The Pilates Connection
What does all this have to do with Pilates? “As a Pilates teacher or client, each of us is one of these 16 types,” says Bowen. “There are many combinations of teachers and clients, and that can affect how we teach, how we learn and how we meet and relate to each other. Understanding our type and our client’s type can be a great help—a practical blueprint for how to structure lessons as well as the entire teacher-client relationship. It can make sense out of problems. It’s easier to have the necessary patience with an opposite if we understand that Jungian typology is the issue, and that it is a natural, not neurotic, problem,” she says.
In addition to her PILATES PLUS PSYCHE program, Bowen is now offering a new course to individual studios and teacher-training programs. In this course, called “Psychological Dimensions of Teaching Pilates,” she teaches “the relevance of using typology as a significant and practical teaching tool for understanding one’s clients and oneself as well as guidance for how teachers need to work with clients depending upon their type.”

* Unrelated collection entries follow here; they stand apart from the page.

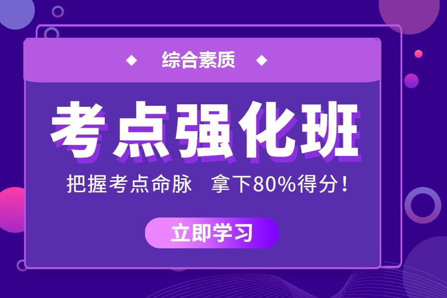 1.本课程为强化阶段必学的高频考点讲解课程,资深导师结合多年成功辅导经验,聚焦高频考点,切实掌握考试的命题思路,准确预测中考试方向,摸准出题思路,心中有谱考试不慌! 2.课程综合通过率约96%左右!
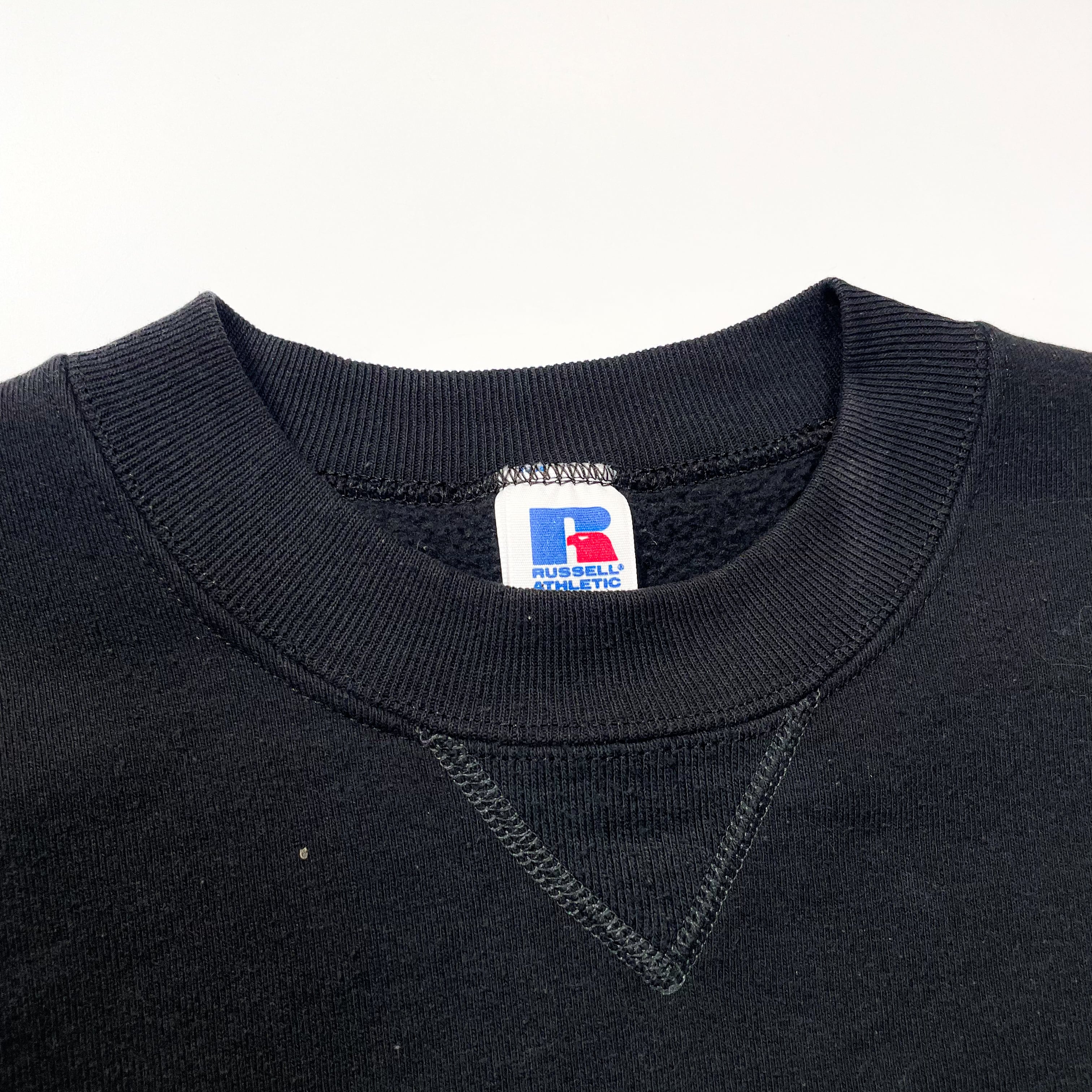 1980s " Russell " black frontV sweat . made in usa . size large.
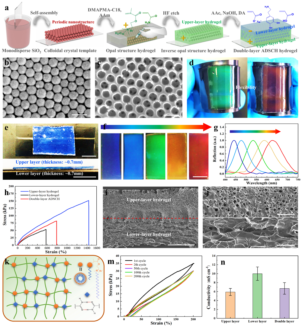 鉴于此,工程实验室金勇教授团队受到自然界生物皮肤的启发,首次通过一种不对称的双层结构色水凝胶(ADSCH),成功实现了同时具有异质黏附、抗菌、防伪和自供电功能的光电双信号传感的交互式离子皮肤(如图1)。其中,ADSCH的上层是通过牺牲模板法制备的具有反蛋白石结构的聚阳离子(疏水性季铵盐-丙烯酰胺)水凝胶。下层是在上层基础上通过层层逐步聚合制备的聚阴离子(丙烯酸-丙烯酸钠)/聚多巴胺水凝胶。
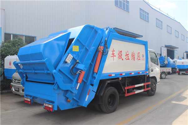 東風(fēng)多利卡壓縮垃圾車專用配置: 采用東風(fēng)多利卡底盤,玉柴102馬力發(fā)動機(jī),軸距3308mm,廂體材料為優(yōu)質(zhì)炭鋼,厚度為5mm,廂體容積為4-5立方米。由裝料機(jī)構(gòu)、壓縮機(jī)構(gòu)、卸料機(jī)構(gòu)、油泵、油箱、控制閥等組成的液壓機(jī)構(gòu)組成。裝料機(jī)構(gòu)由支架、連桿機(jī)構(gòu)、凸輪、掛鉤等組成,在油缸作用下,將垃圾桶內(nèi)的垃圾自動翻轉(zhuǎn)倒入料斗內(nèi)。

One of the most exciting changes in Bowen’s evolving life journey has occurred during the past 10 years. She has developed a new viewpoint about Pilates that has changed her thought process. “At age 70, the barn doors opened,” she says. “I was alone in my studio on the reformer beginning to do knee lifts, telling my body to do ‘this and that.’ I stopped, appalled that after years of practicing Pilates, I was still telling my body what to do. My body already knew all the moves. I apologized to it and promised not to direct it any longer, but rather to partner with it. [Once I'd given] my body its own choice to be an equal partner in the work, the whole method changed for me. All the exercises had a lighter, fuller spirit and more scope. It was as if everything was new, and, indeed, it was.”

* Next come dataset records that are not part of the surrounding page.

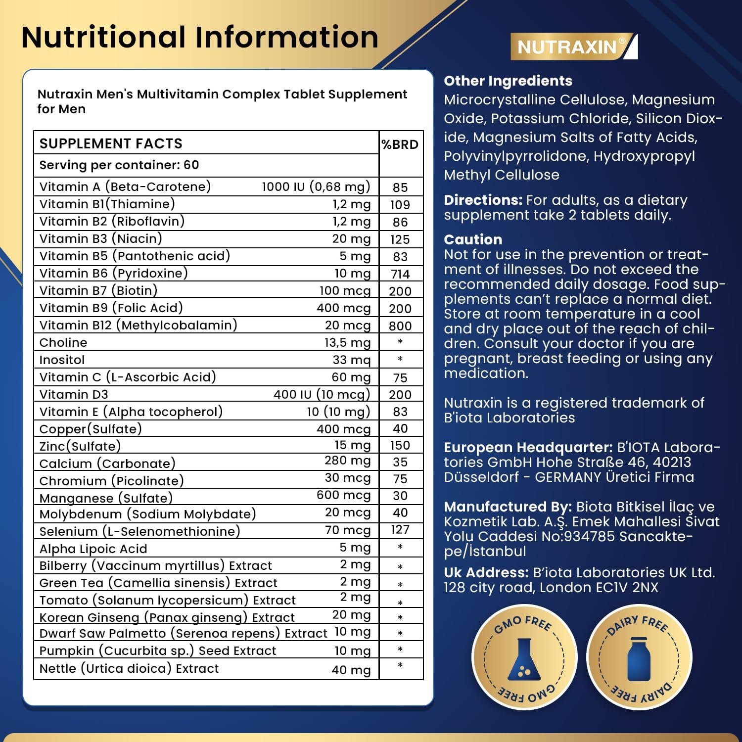 PERFECT FOR SENSITIVE DIETS: Nutraxin’s multi vitamins for men formula is free of gluten, dairy, soy, corn, sugar, and artificial additives, making it an ideal choice for those with dietary restrictions. Take these tablets daily, and fuel your body with nature’s best.
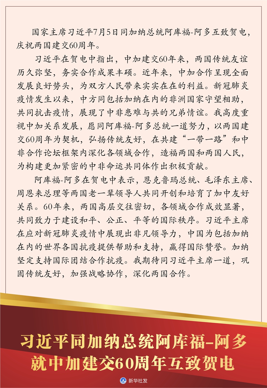 新華社北京7月5日電? 國(guó)家主席習(xí)近平7月5日同加納總統(tǒng)阿庫(kù)福-阿多互致賀電,慶祝兩國(guó)建交60周年。
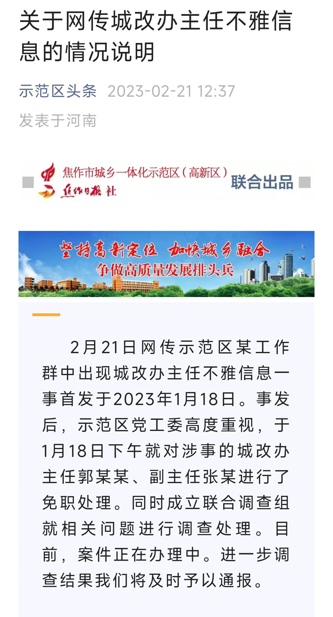 2月21日中午,河南焦作市城乡一体化示范区(高新区)通过其官方微信公众号“示范区头条”发布关于《关于网传城改办主任不雅信息的情况说明》:
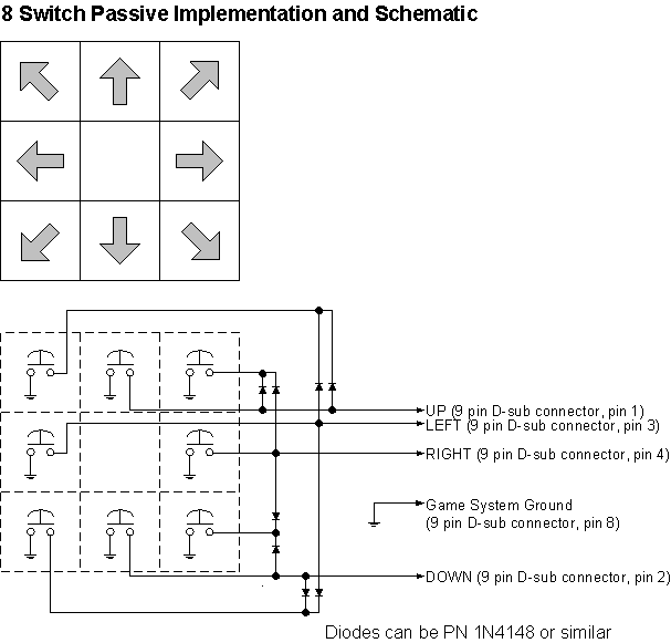 Para aislar el extra cuatro interruptores de los cuatro existentes, diodos deben utilizarse como se muestra en el diagrama para conectar los cuatro cables de la interfaz de joystick. Con este arreglo, moviéndose diagonalmente puede lograrse de la manera normal utilizando dos interruptores o pulsando un botón diagonal.
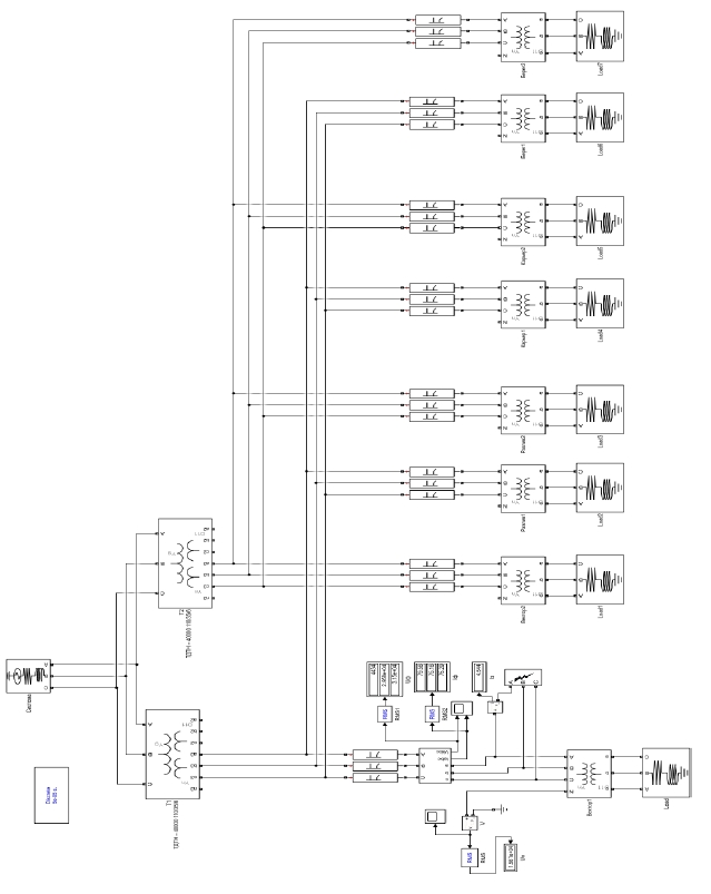 Рисунок 2 – Схема подстанции электрической сети с изолированной нейтралью в MATLAB Simulink
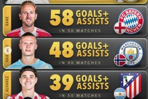 體育資訊11月10日訊 數(shù)據(jù)網(wǎng)站Score90盤點(diǎn)了2025年五大聯(lián)賽前鋒球員,在各項(xiàng)賽事(俱樂部+國(guó)家隊(duì))參與進(jìn)球榜,其中姆巴佩62球居首,以下為具體情況(進(jìn)球+助攻):
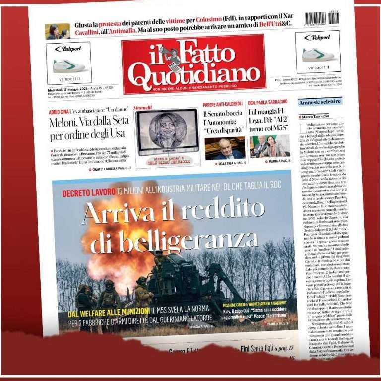 “Arriva il reddito di belligeranza”, è questo il titolo del quotidiano Il Fatto che ricorda come il Governo Meloni stia raccontando balle in merito ai finanziamenti per il conflitto in Ucraina.

The following is an explanation, in Bowen’s own words, of the main principles of her latest Pilates evolution:
More spine, less mind. “I find that all exercises improve when the spine is given the lead. The organs and the bones know where they belong in relation to the spine. Everything falls into place in relationship to the spine when it can lead. With this orientation the exercises and the whole body are longer, lighter, and we can have more fun.”
More experience, less performance. “For years, we’ve talked about performing Pilates exercises. We can do that for an audience or for ourselves. Performing reaches outward; experience looks inward. Performing is extroverted; experiencing is introverted. We can enjoy a theatrical display of Pilates. It is fun. We know that. We [also] need to know more about the inner nuances and experiences of Pilates where we can be transformed.”
More release, less effort. “Effort has been practiced far more than release. A Pilates exercise should be about both. Just as there is night and day, there should be effort and release. Americans tend to be hyperactive, especially American women. We need to work for a better balance.”
More yawning. “I have found that the yawn opens the fascia and releases chronic tension patterns the best. The yawn is encyclopedic in what it can reach and teach. No yawn is like another. When inhibitions have let go and the yawn is free, it can cool the brain, brighten eye sight, enhance hearing, oxygenate the entire body, free and ground the voice and relax a person into the present moment. Few adults understand this and can be uninhibited enough to allow the yawn and its magic to teach what a breath can be and do.”
Bowen’s lifelong odyssey is far from over. As she puts it, “I want to give to as many people as possible because I probably have only 10 more years to work full out. My energy keeps pouring in, not only from a healthy body but also from an engaged and spirited psyche.”